2,sport,tigers wary of farrell gamble leicester say ...,tiger wari farrel gambl leicest say rush make ...
3,sport,yeading face newcastle in fa cup premiership s...,yead face newcastl fa cup premiership side new...
4,entertainment,ocean s twelve raids box office ocean s twelve...,ocean twelv raid box offic ocean twelv crime c...


In [17]:
x = data['cleaned_text']
y = data['category']
X_train, X_test, y_train, y_test = train_test_split(x, y, test_size=0.25)

vectorizer = TfidfVectorizer()
X_train = vectorizer.fit_transform(X_train)
X_test = vectorizer.transform(X_test)


lr = LogisticRegression()
lr.fit(X_train, y_train)

y_preds = lr.predict(X_test)

print(accuracy_score(y_test, y_preds))

0.9802513464991023


In [18]:
single_test = "ocean twelv raid box offic ocean twelv crime"
single_test = vectorizer.transform([single_test])
lr.predict(single_test)

array(['entertainment'], dtype=object)

# Machine Translation

[paper](https://www.cs.columbia.edu/~mcollins/pb.pdf)

# Speech Recognition

[article](https://jonathan-hui.medium.com/speech-recognition-gmm-hmm-8bb5eff8b196)
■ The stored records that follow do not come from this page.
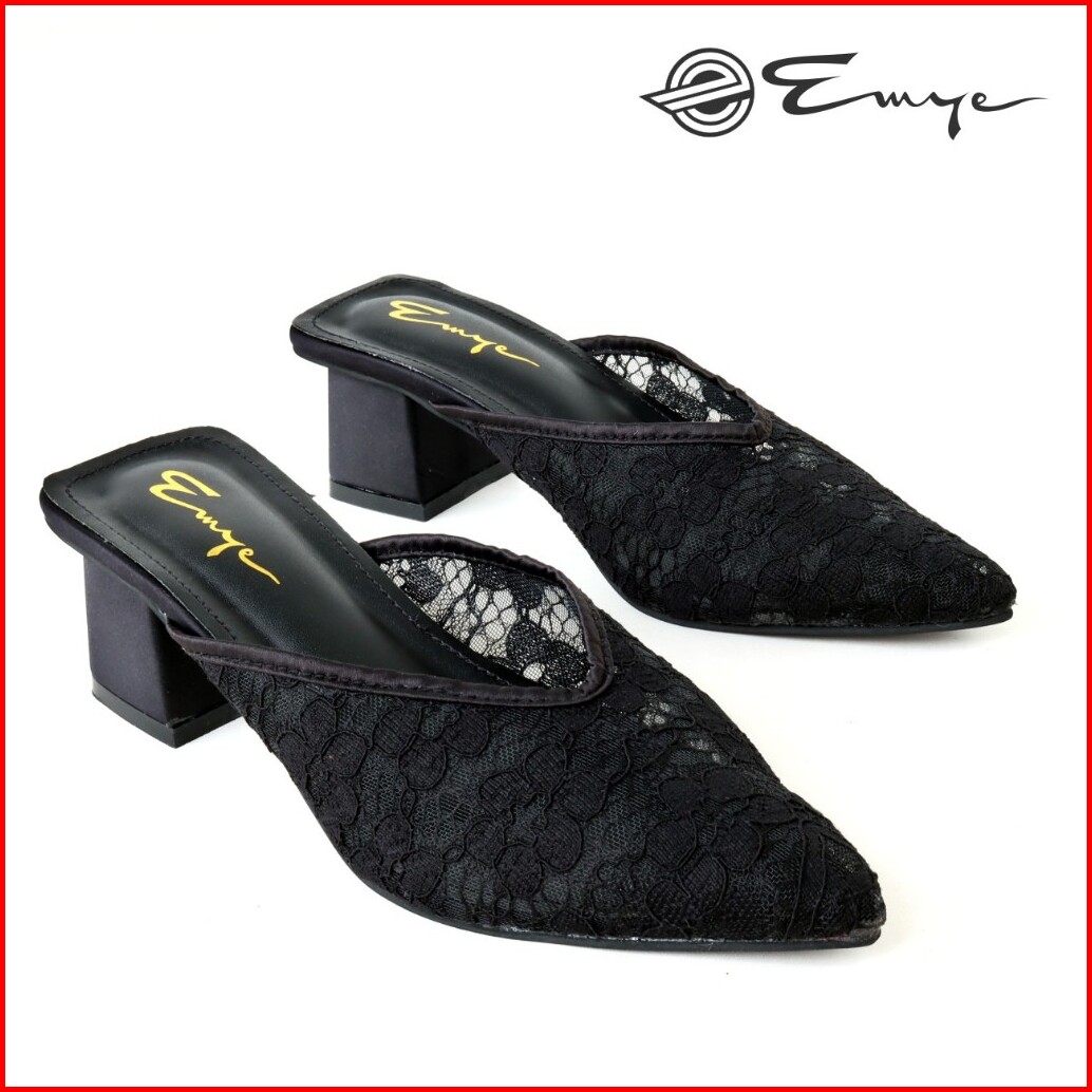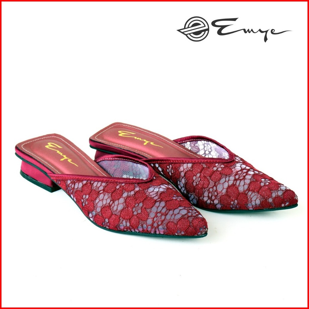Sandal Pesta Mules Kondangan Wanita Flatshoes Dan Heels Brukat Transparan 2cm Dan 5cm Mewah Kekinian Elegan
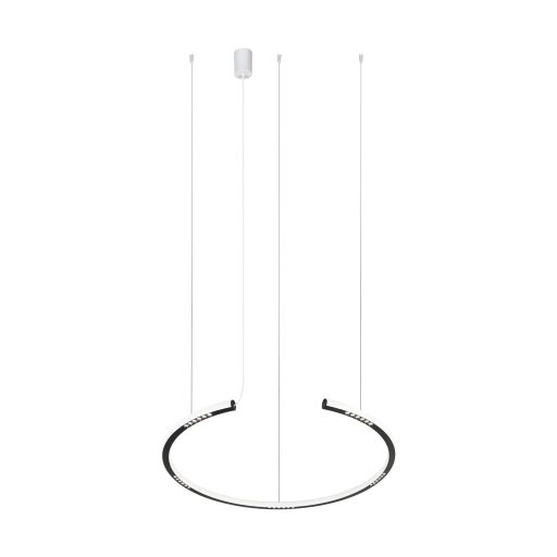Fehér színű alumínium függesztett lámpa 80cm átérőjű, műanyag betétes búrával, felületre szerelhető mennyezet rózsával, természetes fehér színhőmérsékletű beépített LED fényforrással. A lámpa fényereje a búra alatti kézmozdulattal szabályozható.
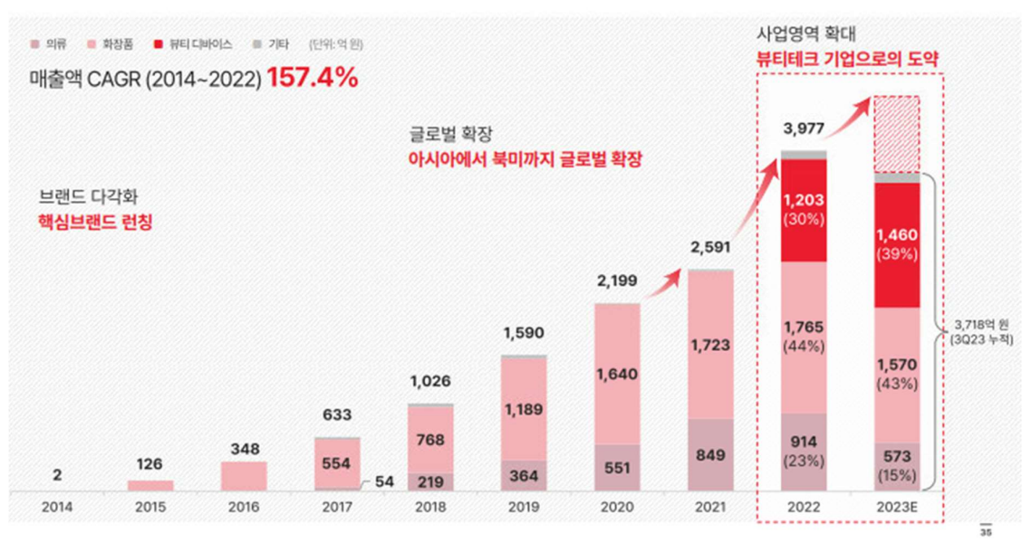 에이피알은 김희선과 유재석을 모델로 활용해서 많은 인지도를 높인 피부미용기기 업체입니다. 현재도 미래 사업 선점을 위해서 뷰티테크 기업으로 전환을 아주 빠르게 진행중입니다.
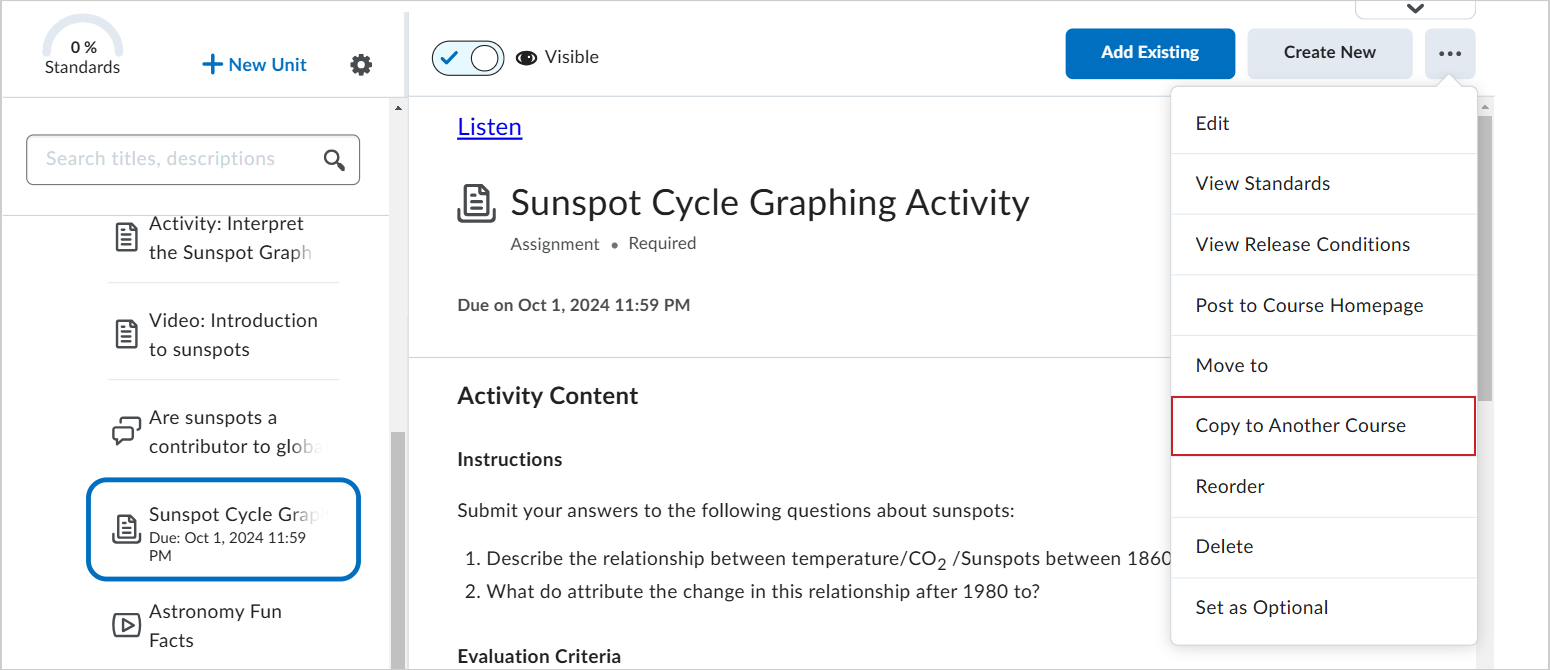 - من قائمة الواجبات في تجربة المحتوى الجديدة (الدروس)، انقر لتوسيع القائمة المنسدلة مزيد من الإجراءات. ثم انقر فوق نسخ إلى مقرر تعليمي آخر.

## Challenge of statistical modelling

Data Dependency: Statistical methods require large amounts of labeled data for training. For tasks with limited data, performance can be suboptimal.

Interpretability: Unlike rule-based systems, statistical models (especially deep learning models) can be seen as "black boxes," making it harder to understand why the model made a certain decision.

Feature Engineering: For some statistical methods (like SVMs or Naive Bayes), careful feature engineering is required to ensure high performance.